I was a bit of a naysayer when the news that churches would be closing due to the COVID-19 pandemic broke. I grew up in a household that held a general trust in government. I still hold that trust in a general sense. My father spent over four-years in Europe fighting for this nation during the Second World War, and my mother, like almost every other adult woman in America at that time, worked hard and sacrificed deeply for the war cause. Nevertheless, 54-years of life have taught me that our government, as well established and committed to individual liberty as it was and, at least to some extent, still is, does not have a great track-record in the past 70 years or so of running things.

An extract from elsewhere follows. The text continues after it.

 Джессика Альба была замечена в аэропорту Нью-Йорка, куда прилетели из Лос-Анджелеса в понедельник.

Although I thank God that I grew up and remain in America, and still believe it is the best, safest, and most economically freeing governmental system to live under, I see flaws.

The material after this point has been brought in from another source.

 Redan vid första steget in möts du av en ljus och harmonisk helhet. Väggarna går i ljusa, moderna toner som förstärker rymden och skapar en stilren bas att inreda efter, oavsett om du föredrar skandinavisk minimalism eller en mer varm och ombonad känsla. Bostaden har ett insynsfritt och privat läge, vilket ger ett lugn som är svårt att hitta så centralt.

Our government as a whole, backed by our Supreme Court, freely advocates for the destruction of human life in the womb, virtually up to the point of birth (not that abortions at earlier stages are any less destructive). Our leaders (as a whole) practice financial strategies that, if practiced by any individual in our society, would land them in bankruptcy and, possibly, jail. We spend far more money than we have (and we have a lot of money)! There is waste, injustice at many levels, and even corruption. The amount of hypocrisy (from both major political parties) is sad to witness. So, when our government told us that a pandemic had arisen, and showed us very scary models, and then told us to trust them as they helped us navigate through the panic, I was skeptical. I have to admit, I’m still a bit skeptical. Shutting down the nation’s economy and then sending everyone cash seems contrary to everything I was taught in high school economics, government and civics classes.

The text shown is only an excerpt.